Colorado Egg Producers


Heart health month always a good time to hash out the 'cholesterol myth'

Monday, February 12, 2018

As is the case each year in February (Heart Health Awareness Month), Colorado’s egg producers and myself can’t let the occasion pass by without reiterating how eggs do indeed have a place at the table of heart-healthy eating, after years spent unnecessarily on various nutritional no-no lists. 


There is an array of nutritional aspects to cover when it comes to the incredible, edible egg, but in this go-round, I’ll focus on what I call the “cholesterol myth.” 


Many Americans have shied away from eggs – despite their taste, value, convenience and nutrition – for fear of dietary cholesterol. However, more than 40 years of research have now demonstrated that healthy adults can enjoy eggs without significantly impacting their risk of heart disease. 
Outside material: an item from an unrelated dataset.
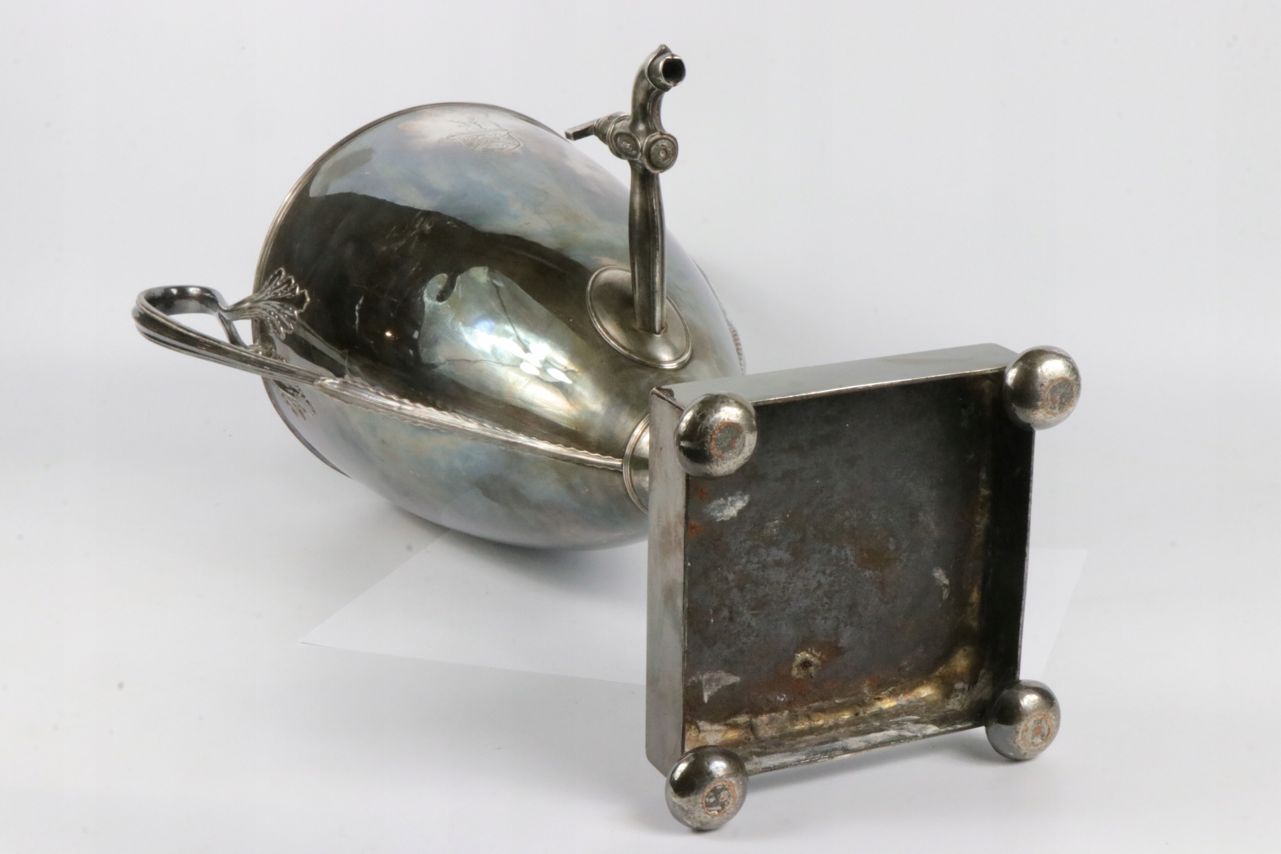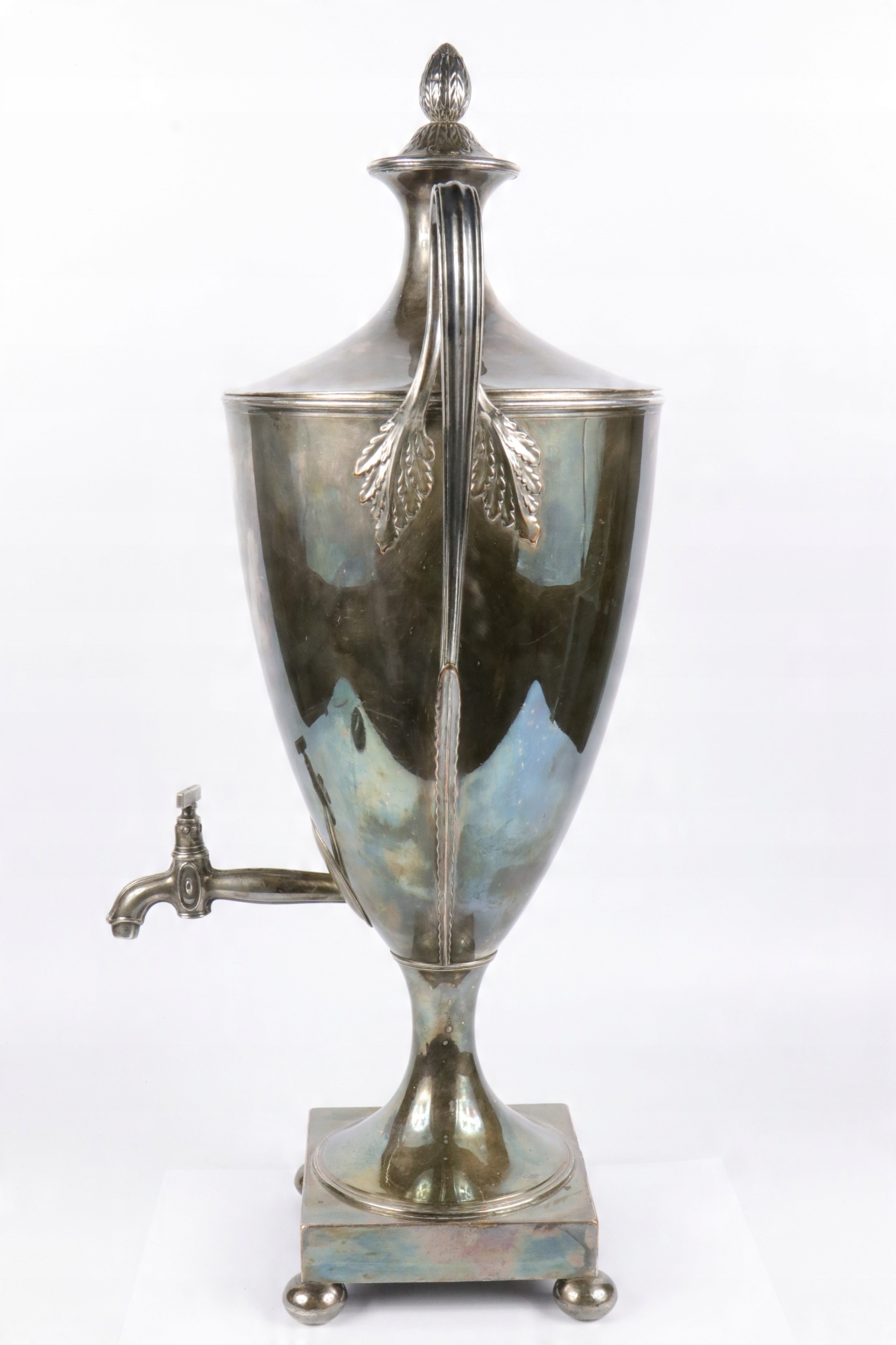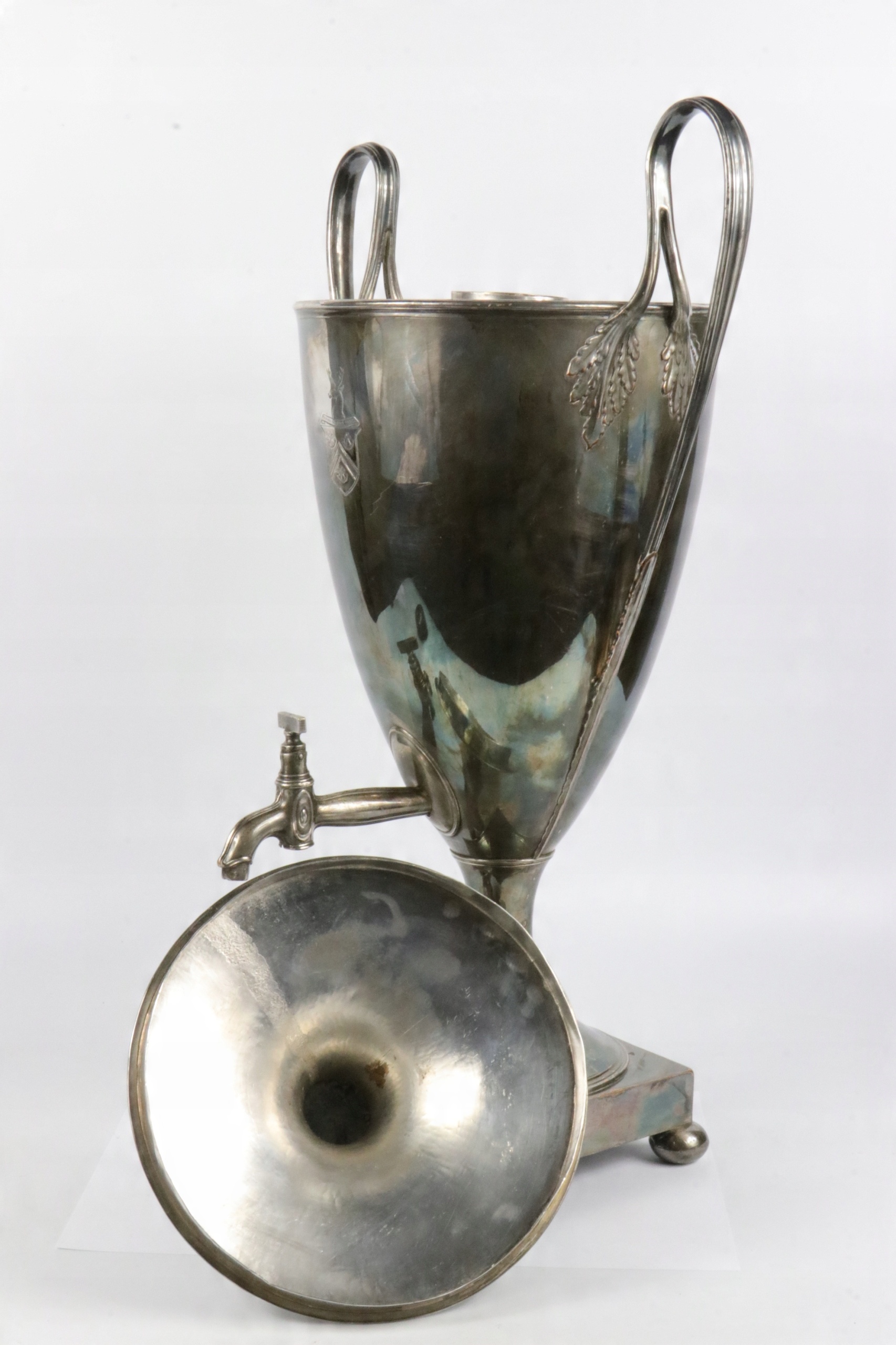 Посеребренный латунный самовар для горячей воды. Предмет начала XIX века в стиле ампир, греческая урна. Ваза, украшенная эрбием, от английской семьи Фостеров, генеалогическое древо которой восходит к 14 веку. Надпись «DIUINI GLORIA RUIS» на гербе Возможно, герб Джона Фостера, 1-го барона Ориэла, жившего в 1740-1828 гг. Очень интересный коллекционный антиквар.

In fact, research has shown that saturated fat may be more likely to raise a person’s serum cholesterol than dietary cholesterol. 


According to the United States Department of Agriculture (USDA) nutrition data, eggs are lower in cholesterol than previously recorded. The USDA recently reviewed the nutrient composition of standard large eggs and results show the average amount of cholesterol in one large egg is 185 mg, down from 215 mg, a 14 percent decrease. 


The analysis also revealed that large eggs now contain 41 IU of Vitamin D, an increase of 64 percent. 


Enjoying an egg a day can fall within current cholesterol guidelines, particularly if people opt for other low-cholesterol foods throughout the day. 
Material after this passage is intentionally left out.